WHAT TO PRODUCE: Every line below should be copied exactly; drop the pictures.

MATERIAL PROVIDED:
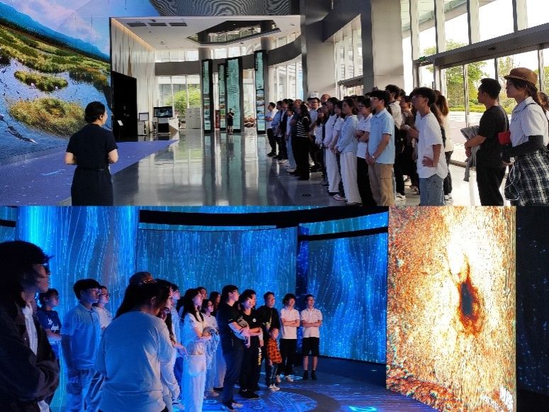 随后,师生一行前往江西省博物馆,共同欣赏了一场视觉文化盛宴。穿梭于不同展厅,同学们被江西省的文化盛况所震撼。从“物华天宝”中悠久灿烂的江西历史到“红色摇篮”里波澜壮阔的英雄史诗,从“物华新诗”中丰富多彩的赣鄱非遗到“盛世瓷韵”里美轮美奂的陶瓷艺术,江西省博物馆以厚重的文化底蕴为依托,结合先进的科学技术手段,构建了一幅精彩纷呈的江西文化全景图。同学们流连驻足于展柜前,在惊叹于江西历史文化独特魅力和深厚底蕴的同时,也思考着如何利用数字文化理论和技术来更有效地促进文化传承传播。
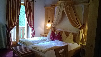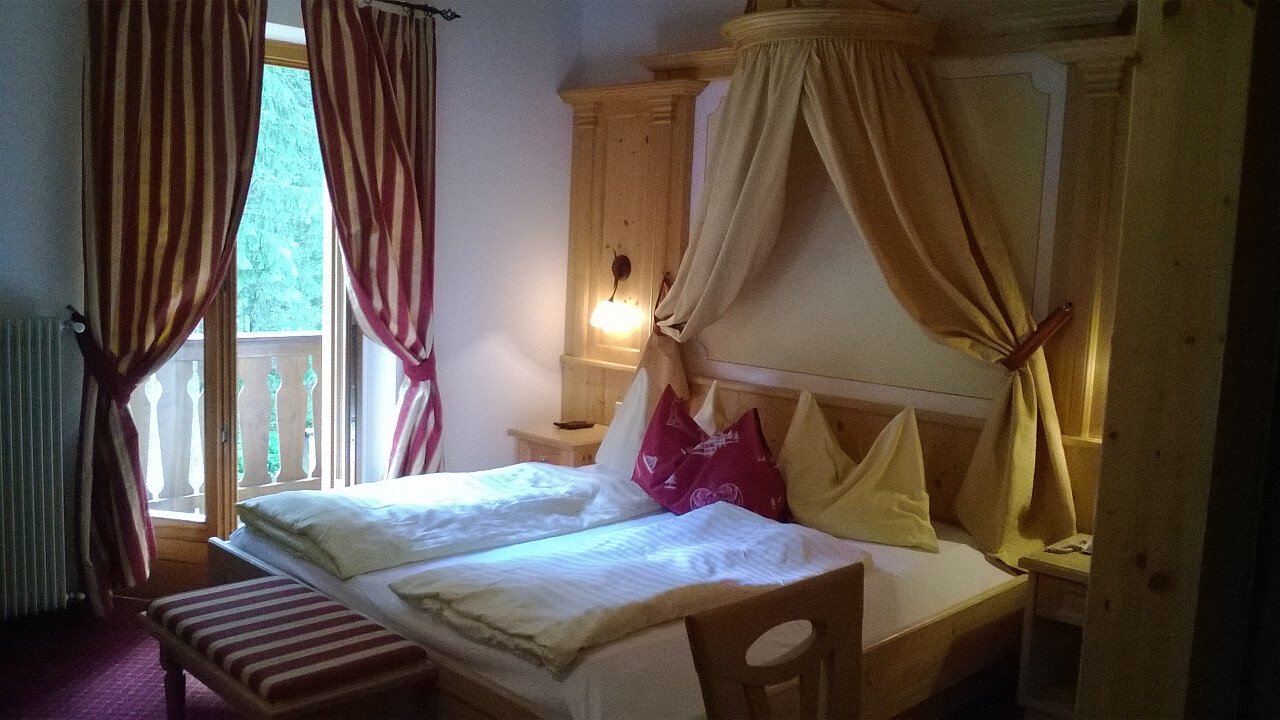Le confortevoli camere arredate con gusto tipico montano dispongono di servizi privati, phon, cassaforte, TV, Wi-Fi e terrazza.
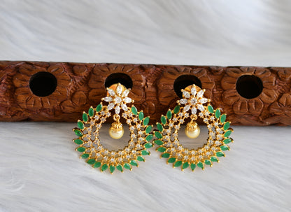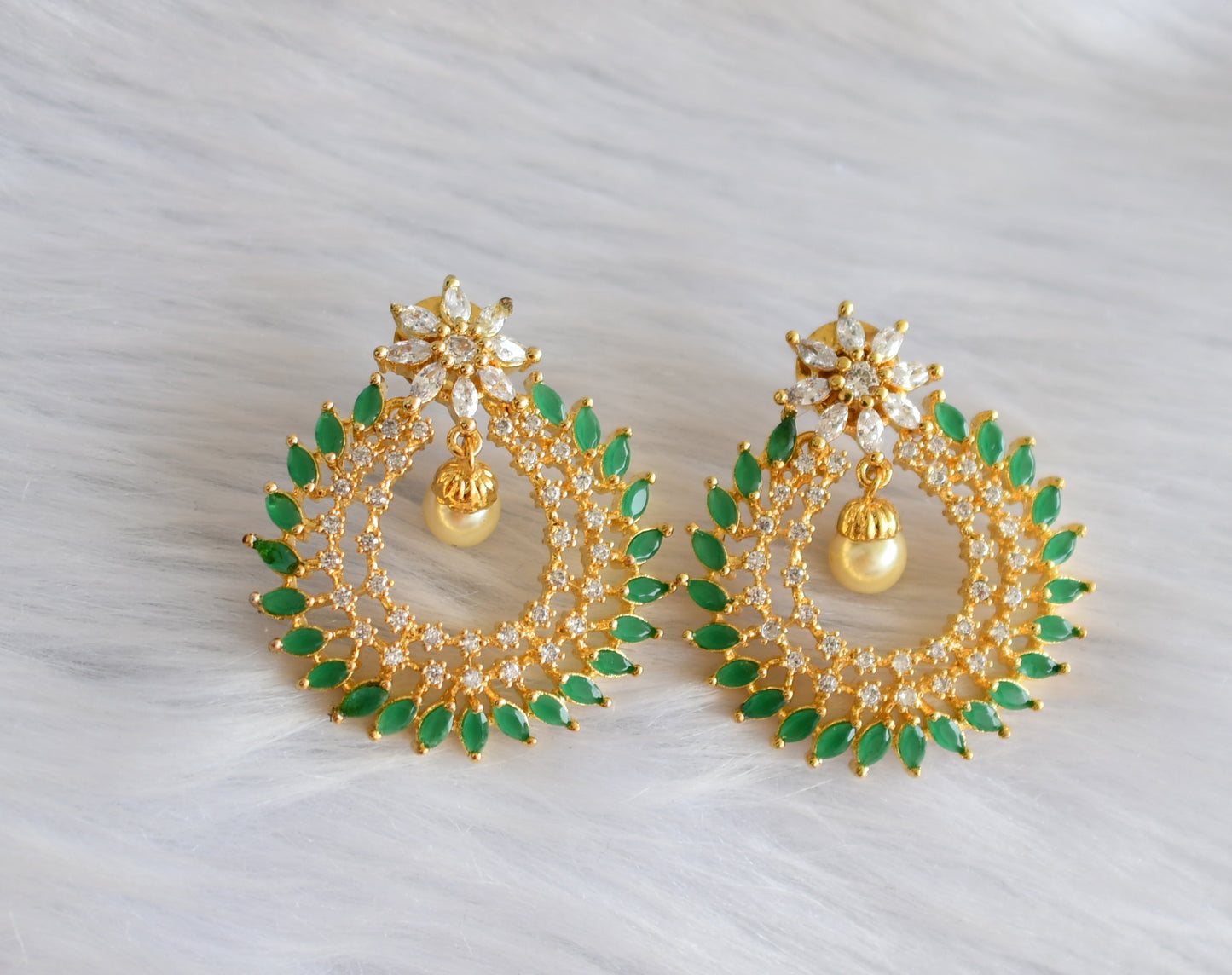 Gold tone cz emerald-white flower bali earrings dj-19488
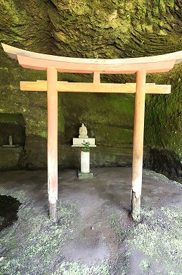 やぐら群の中の1つ「雨宝殿」、人頭蛇身の宇賀福神が祀られている。

EXPECTED OUTPUT:
 随后,师生一行前往江西省博物馆,共同欣赏了一场视觉文化盛宴。穿梭于不同展厅,同学们被江西省的文化盛况所震撼。从“物华天宝”中悠久灿烂的江西历史到“红色摇篮”里波澜壮阔的英雄史诗,从“物华新诗”中丰富多彩的赣鄱非遗到“盛世瓷韵”里美轮美奂的陶瓷艺术,江西省博物馆以厚重的文化底蕴为依托,结合先进的科学技术手段,构建了一幅精彩纷呈的江西文化全景图。同学们流连驻足于展柜前,在惊叹于江西历史文化独特魅力和深厚底蕴的同时,也思考着如何利用数字文化理论和技术来更有效地促进文化传承传播。
Le confortevoli camere arredate con gusto tipico montano dispongono di servizi privati, phon, cassaforte, TV, Wi-Fi e terrazza.
 Gold tone cz emerald-white flower bali earrings dj-19488
 やぐら群の中の1つ「雨宝殿」、人頭蛇身の宇賀福神が祀られている。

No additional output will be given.